I understand my own anxiety. The last flight I was in, I felt I was going to explode in mid air. I was contemplating telling the stewardess that I couldn’t be on the plane anymore and that I need to get out. I knew that if I mentioned it, repercussions could be detrimental to other passengers as well. I considered it, and I decided to bury my face in my hands and scream silently.

I really wanted out.

I’m guessing flights are gonna continue being bad unless I rationalize my way out of it. I never suffered this way with flights before, it just seems to be getting worse everyday.

My Attention deficit hyperactivity disorder (ADHD). It’s a mouthful.

Attention, ain’t I a seeker. I can’t help it. I want attention, I seek it, I work towards it and when I finally get it, I shy away from it, cause it’s something I never really wanted in the first place.

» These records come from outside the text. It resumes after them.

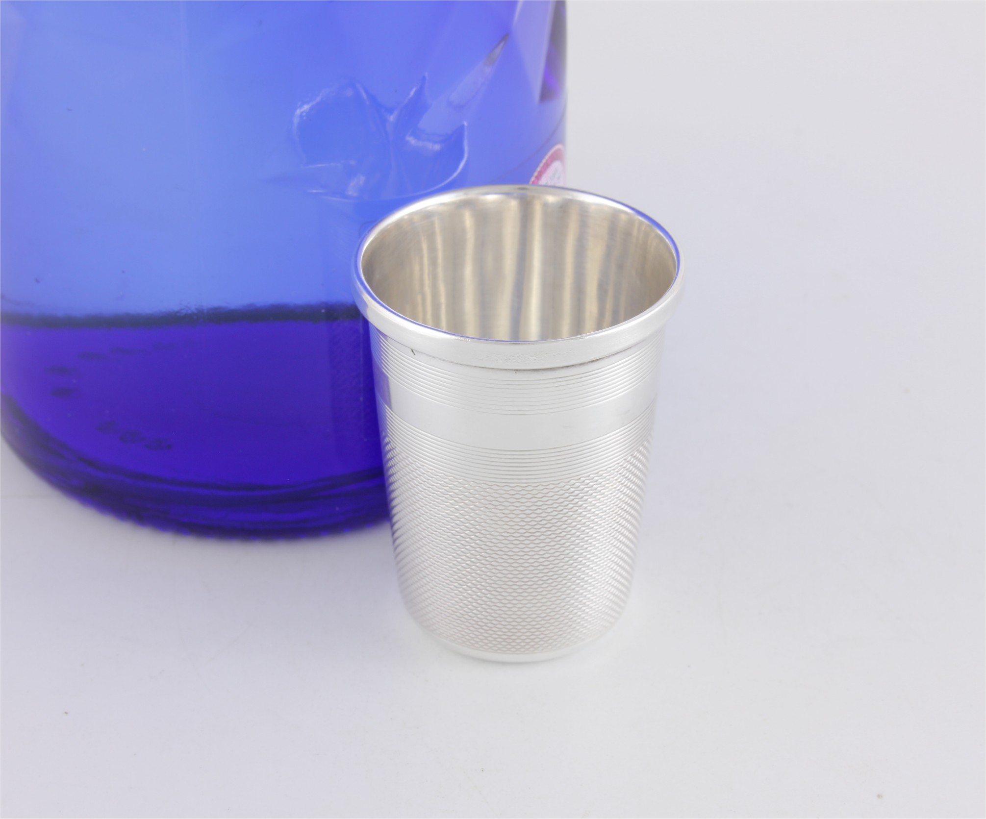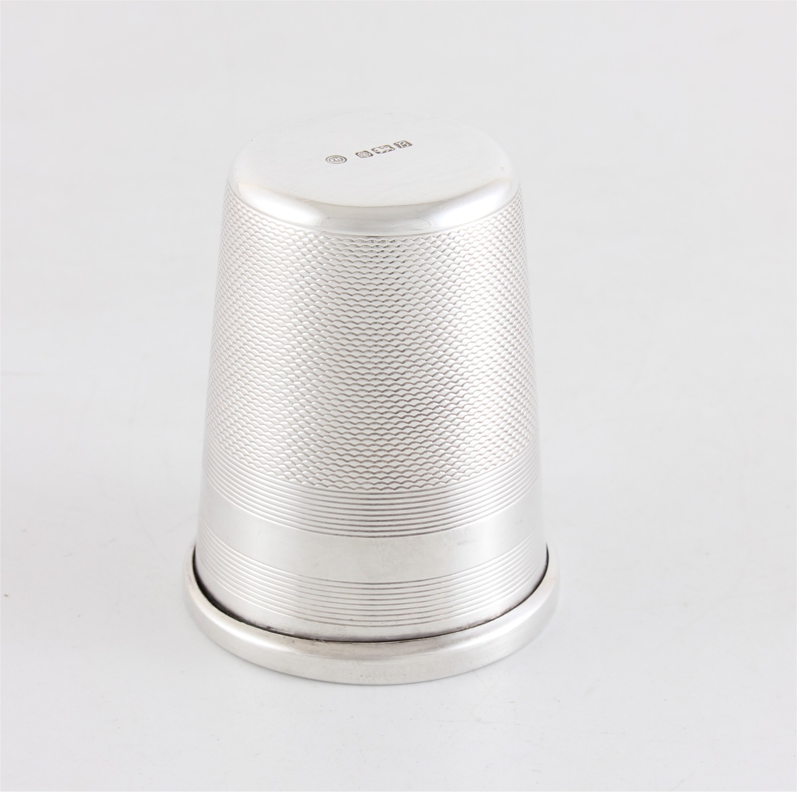 This handsome solid silver drinks spirit measure which is in the form of a large thimble is made by Francis Howard and is nicely hallmarked on the base for Sterling Silver Sheffield 1976.
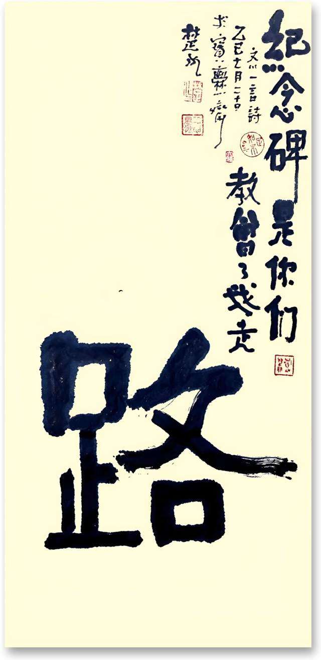 万里归来颜愈少,需要学会随遇而安,尽管仍然多有不平服之气,难免醉里挑灯看剑,梦回吹角连营,怎奈何可怜白发已早生。还期许什么相逢处,自有暗香随马么?吴盐胜雪 ,年光已经不是也,徒有痴情若梦。所以,还是东坡先生,此心安处是吾乡,醉有酒,读有书,茶禅一味,倒也逍遥自在。正适诗人文川先生嘱我写一首他的一言诗,如北岛《生活》网,不是江河的《纪念碑》,乃文川是你们教会了我走路的《纪念碑》,诗人岛子曾经尝试用圣水墨写现代诗,其实,一言诗更适合书写,也比猫画虎,写了一首:
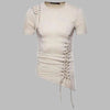 Asymmetrisch Beige Punk T-shirt met Vetersluiting
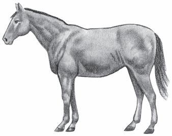 Back is flat (no crease or ridge); ribs not visually distinguishable but easily felt; fat around tailhead beginning to feel spongy; withers appear rounded over spine; shoulders and neck blend smoothly into body.
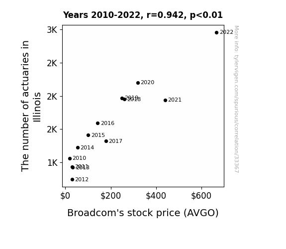 This means 88.7% of the change in the one variable (i.e., Broadcom's stock price (AVGO)) is predictable based on the change in the other (i.e., The number of actuaries in Illinois) over the 13 years from 2010 through 2022.
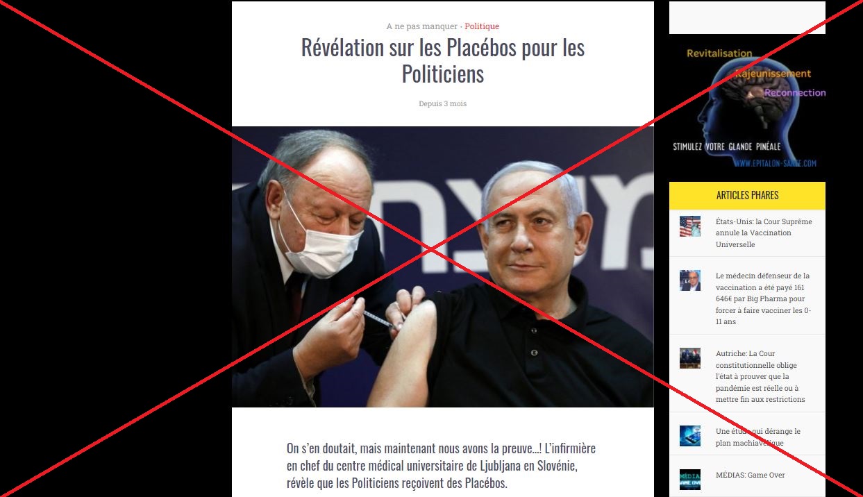 Des publications similaires circulent depuis au moins novembre 2021 sur Facebook. Certaines partagent des articles, comme celui-ci, publié sur le site "1scandal.com" et intitulé "Révélation sur les placebos pour les politiciens", car selon ces publications, les politiques ne reçoivent que la dose placebo. D'autres publications, comme celle-ci, partagent une vidéo, issue de la page Facebook d'un site slovène, dans laquelle on voit la femme en question.
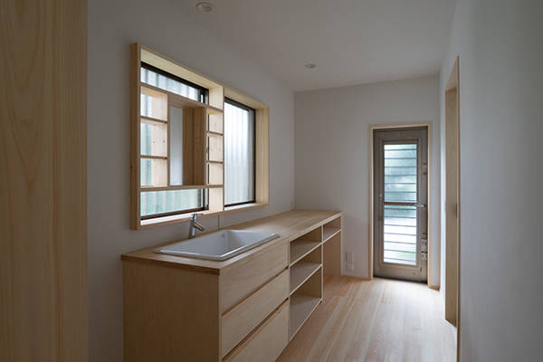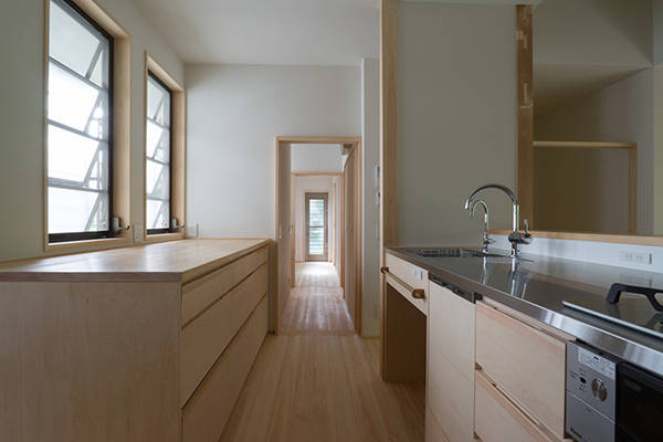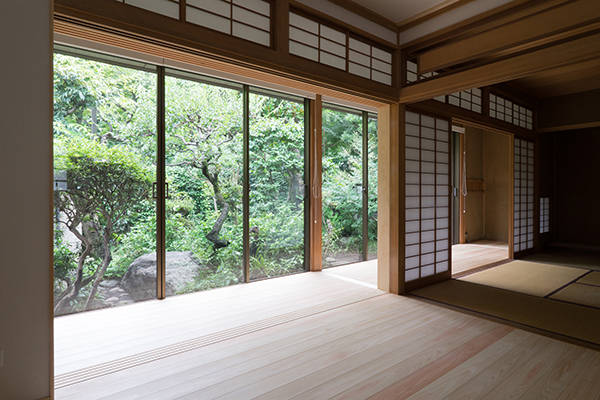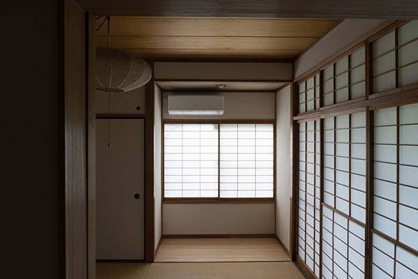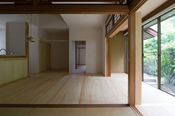 改修は南庭に面した中座敷を居間として計画。吹き抜けを設け、居間を中心に家族が集う姿を想像しました。一方で、奥座敷や和室は残し、窓も利用し、工事は室内から行える(足場をかけずに行える)範囲で行いました。効率的に家事を行えるよう短い回遊動線とし、既存空間と馴染むような自然素材(床:ヒノキ、天井/壁:珪藻土)で仕上げました。天井や床下には断熱材を追加、断熱スクリーンを取り付け、障子を再利用し、温熱環境にも配慮しています。

Deficit, well give me no attention and I explode like a ball of flame. It’s been engrained in me, what can I do.

Hyperactivity, oh lord yes. You lay beside me asleep, and I feel like my world is ending. The walls are crashing down on me, the celling is closing in, my world is getting smaller and soon will press on my face and squish my soul out. I can’t sleep, cause even then, I somehow want attention, lord what is wrong with me.
My fingers, can never be left alone, my pen is caught somewhere in between them, or it’s twisting something, or it’s being being bitten. I’m fidgeting, all the time.

Not many people understand this. They don’t take the time to understand a persons mind, and how it processes things differently.

Although, I’ll give anything to be able to calm down. I’ll give anything to be able to not frantically search for something to fidget with.

Oh god bless my heart rate. It is frantic just like everything else. I wanna slow it down, I wanna give it a long deserved break, but I can’t. Well I don’t know how to, it’s used to this “on the edge” feeling for so long.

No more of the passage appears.